[Start of section]

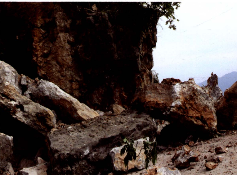
地震造成鹿（角垭）贵（民）路断道
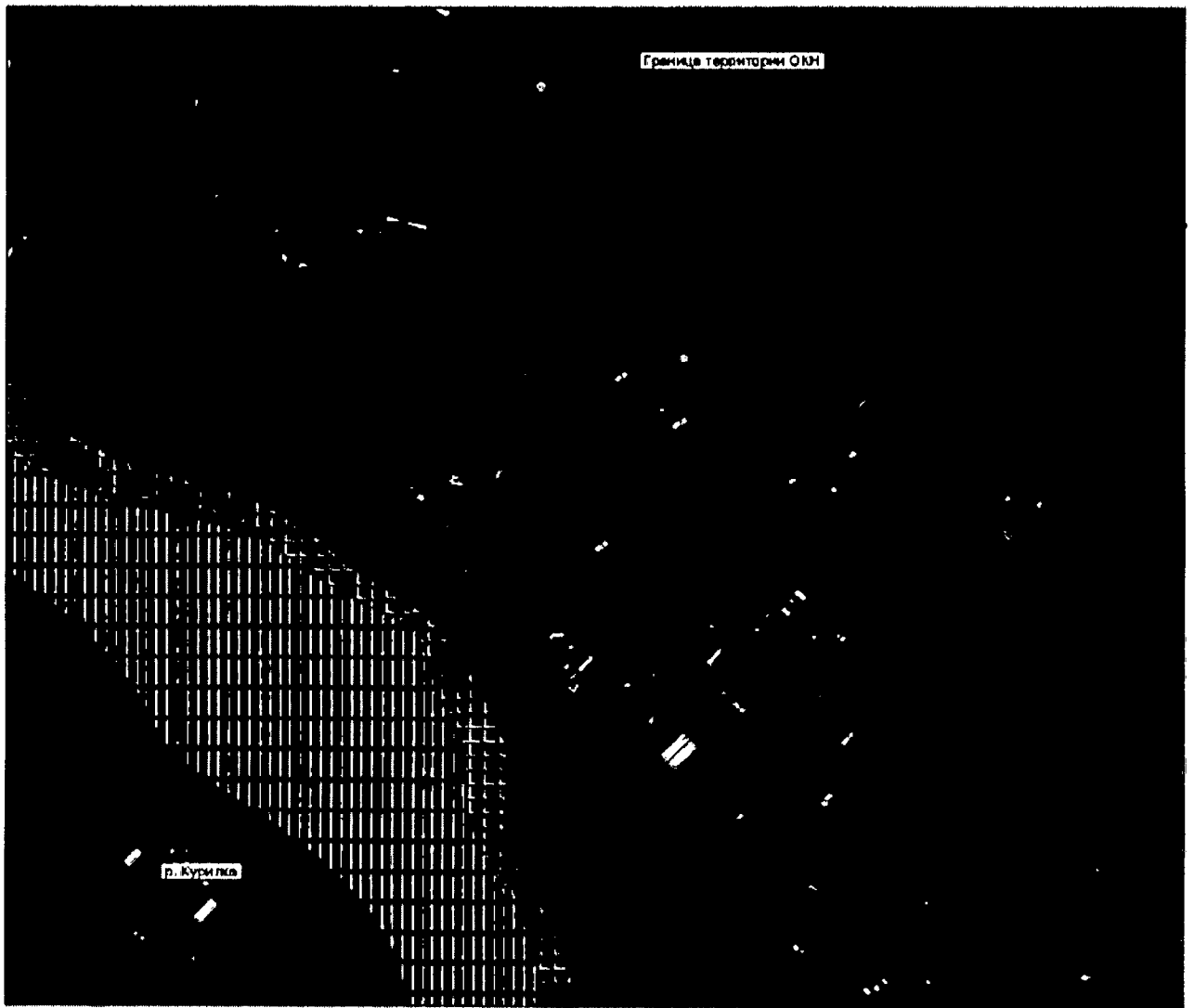
Схема предмета охраны объекта культурного наследия регионального значения (достопримечательное место) «Место основания в 1778 году русского поселения», расположенного по адресу: Сахалинская область, муниципальное образование «Курильский городской округ», о. Итуруп, г. Курильск
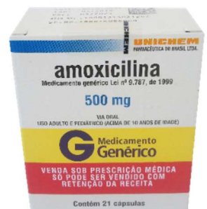
7480-Amoxicilina 500 c/21 Referência: Amoxil

[End of section]

* _Task goal_
Where pictures sit among the data above, omit them, and output the rest exactly.

* _Answer section_
地震造成鹿（角垭）贵（民）路断道
Схема предмета охраны объекта культурного наследия регионального значения (достопримечательное место) «Место основания в 1778 году русского поселения», расположенного по адресу: Сахалинская область, муниципальное образование «Курильский городской округ», о. Итуруп, г. Курильск
7480-Amoxicilina 500 c/21 Referência: Amoxil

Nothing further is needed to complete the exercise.